Open ControlNet opened 2 years ago
we already trained nfnet, regnet, ConvNeXt on danbooru2020
those too bad, and tagger is useless .... we don't know what this trained model can do
you should checkout this paper, what's next "Transfer Learning for Pose Estimation of Illustrated Characters", Chen & Zwicker 2021
but downstream task experiment show us, too bad even not good as common trained models ....
if you want image self-sup manner, that also bad Train vision models with vissl + illustrated images
what we need VLM, text-image pretrained (like CLIP things) on LAION anime subset (remove tons anime uncorrelated datas)
training and prepare this datas, not danbooru20xx trained, is a pre-trained dataset
then we can do open vocab detector and a well captioner, enter the anime storytelling things
I don't have any benchmark test/score of DeepDanbooru for latest model.
@ControlNet Try this: https://github.com/lucidrains/x-clip You can use a pretrained text encoder and only train the image encoder. The only thing is that you will need to turn danbooru tags into sentences that can be interpreted by the pretrained text encoder first.
I have the same impression as @koke2c95 that tagging models does not work well on danbooru data, as the tags are too noisy and the model can not leverage the relationship between the tags(concepts), which also adds to the noise.
RM
and sorry a issue mentioned on Multi-Modal-Comparators, seem it can't remove :(
@koke2c95 Thank you for your reply.
I decide to do simple auto-tagging (multi-label classification) with more lightweight and more accurate. So image generation or translation is not in my plan yet.
You said the label is very low quality. I fully understand it as these tags are community-driven, so the noise cannot be avoided. I'm thinking if it's possible to employ some self supervise learning and weak supervise learning techniques to improve it.
Also, Is there any tag-based anime image dataset with accurate labels?
BTW, regarding the height-width ratio of these images varies very significantly, I doubt naive resizing may not extract the features well. Using sliding window might be a better choice.
I don't have any benchmark test/score of DeepDanbooru for latest model.
Thank you for your reply.
@Daniel8811 Thank you for your suggestions. I know CLIP is an amazing work, and it's robust for unseen data. But I'm not familiar with that. If the pretrained text encoder is used, I highly doubt the anime-style labels (yuri, genshin_impact, blue_hair) can be predicted well.
@ControlNet
If the pretrained text encoder is used, I highly doubt the anime-style labels (yuri, genshin_impact, blue_hair) can be predicted well.
That could be a problem. I agree that it's still unclear if CLIP would really work better on danbooru data at the time of speaking.
@koke2c95 So I guess you are doing text2image at the moment. Do you have a thread or write-up for you exploration?
I decide to do simple auto-tagging (multi-label classification) with more lightweight and more accurate.

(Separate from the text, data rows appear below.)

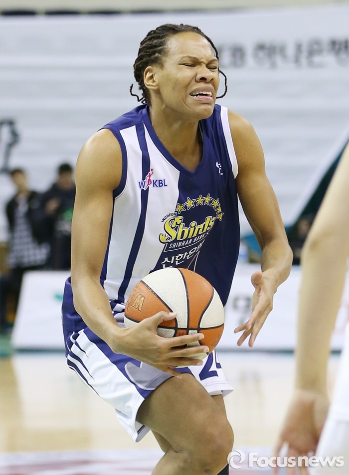 (부천=포커스뉴스) 8일 부천체육관에서 열린 2015-2016 여자프로농구 KEB하나은행-신한은행 경기에서 신한은행 모니크 커리가 KEB하나은행의 파울에 울상을 하고 있다.
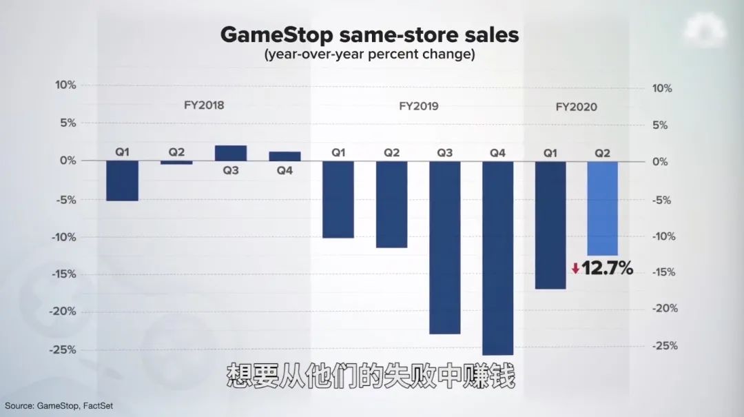 事情的起因,要从一家曾经濒临破产的公司“游戏驿站GME”开始说起。Gamestop是美国的一家线下游戏连锁店,基本全国哪儿都有,主要卖游戏光碟,就像我们小时候学校门口卖文具的,对美国宅男来说,那是情怀是他们的快乐老家。但因为互联网商业的崛起,再加上疫情影响,线下生意一年不如一年,于是这家公司被华尔街的金融机构盯上了,这些大机构打算做空GME股票,想要从他们的失败中赚钱。
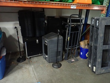 LOUD SPEAKERS, SPEAKER STANDS, MICS & ASSORTED AUDIO VISUAL SUPPLIES
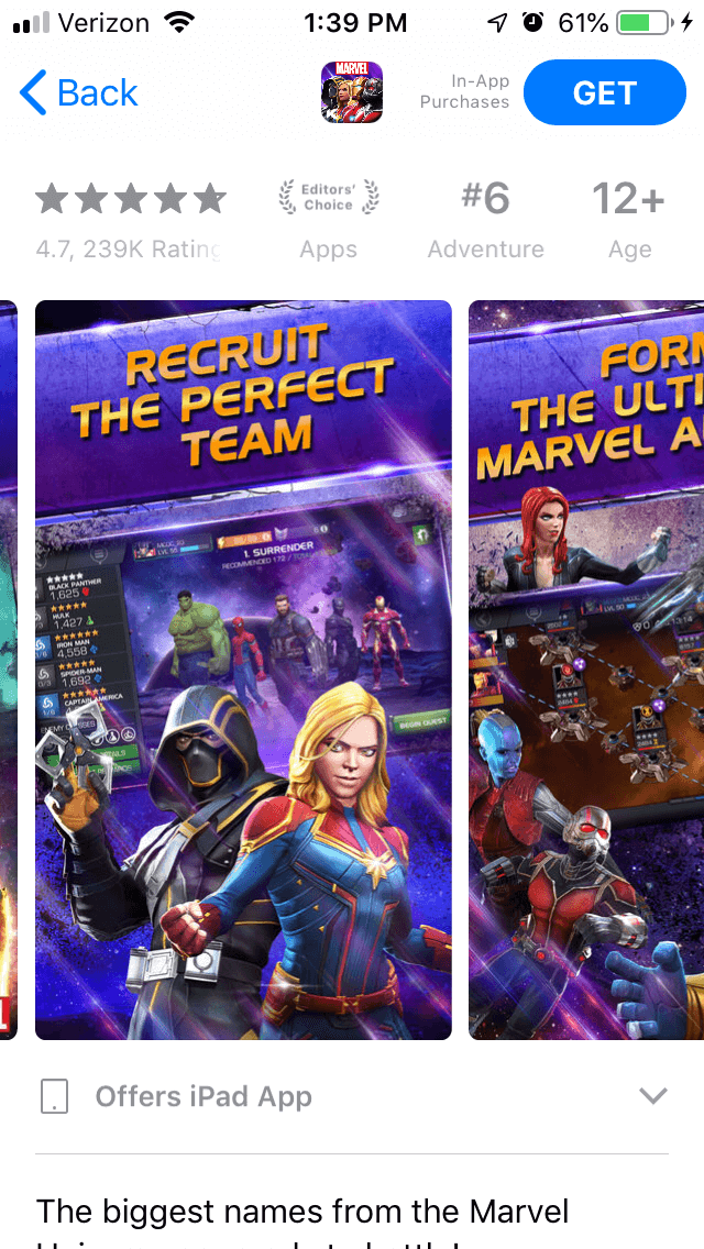 Marvel has also been advertising Contest of Champions in its comics and online, so fans of the franchise will know to look for it. While marketing in multiple channels is good, if it wants to improve its organic rankings and visibility, App Store Optimization is essential.
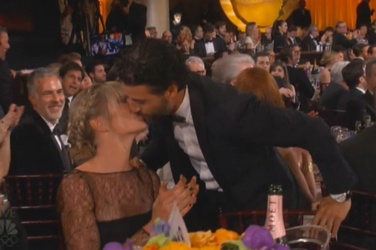 Did Oscar Isaac just kiss a woman on the lips my whole world is torn asunder #GoldenGlobes

@ControlNet Maybe you could manually clean up the danbooru tags so that it contains less abstract concepts (like yuri) and more tags that are obvious to everyone (like blue hair). This may significantly reduce the noise and therefore make the model more accurate.
@Daniel8811
it contains less abstract concepts (like yuri) and more tags that are obvious to everyone (like blue hair)
Yes, it's possible although manually finding these "obvious" tags for thousands of tags are tricky.
Hi,
I love your project. Could you please provide some benchmark (accuracy, f1, etc) about the latest pretrained model in the release?
That will be a great help because I also want to train some models (EfficientNet, ViT, etc) by myself. By comparing the benchmark scores, I could understand the performance of the model better.